Today we met with one of our clients, a leading software infrastructure player, who we had helped reposition a key product in 2005. This repositioning was a significant shift because our work recommended moving the focus from a well established albeit entrenched market to a smaller market segment. This strategy would enable them to focus on solving a major customer pain in a clearly superior and differentiated way.
In the meeting with our client (Vice President of Products) today we learned a few things. One was that the business results from the repositioning had been very positive. Acccording to her, the product grew 70% last year as a result of this shift (yes a positioning exercise should have business impact — not just pretty words, remember?). Moreover as we had expected implementing the new positioning was far from a slam dunk. It took them some time to get the key stakeholders — mainly the sales force in their B-to-B direct model — moving in this new direction. But once they did, it worked — and moved the needle on the business, like it should.

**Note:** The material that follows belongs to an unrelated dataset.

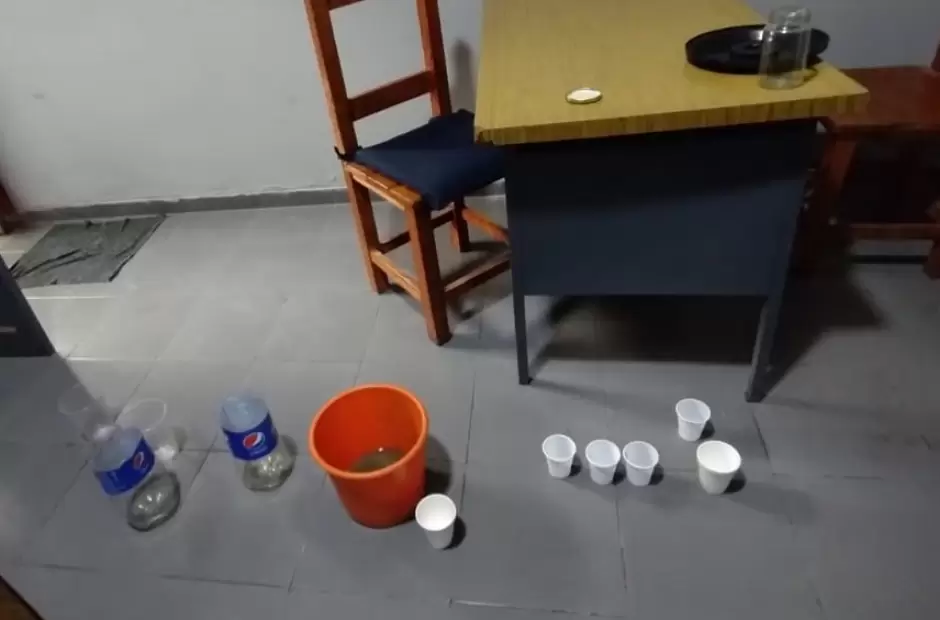 Los empleados, sin muchos recursos, trataron de salvar la situaciíón con valdez, botellas y hasta vasos descartables.
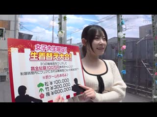 소개: 大好評につき第2弾!あの伝説のTV番組「スー○ージョッ○ー」の大人気コーナーだったアレがMM号で復活!街行く女子大生が高額賞金をかけてビキニ生着替えチャレンジ!恥じらい焦りながらも頑張るJDたちに襲いかかる様々なイタズラ!パンチラ、乳首チラ、まんチラまでも!もし時間内で着替えられなかったら容赦なく公開デカチン即ハメの罰ゲーム!しかも生中出し!焦れば焦るほど無防備にそして大胆になる姿は必見!

Moreover we learned that another factor that helped implement this positioning successfully was: third party validation. In this case, Industry Analysts validated our recommendations and that endorsement was a major factor in winning over the sales team. We have found this to be a common thread with other clients as well. Another client (B to C) recently reported that their retail buyers have validated the positioning we're recommending and that's going to be a major factor in selling it internally.
Having an outside consulting firm conduct the analysis and develop the recommendations helps but what can even more powefully help break down the barriers to repositioning are your own influential stakeholders such as analysts, partners, VARs, retail buyers, etc.
Does this ring true? Tell us what you've found when you've taken on such initiatives.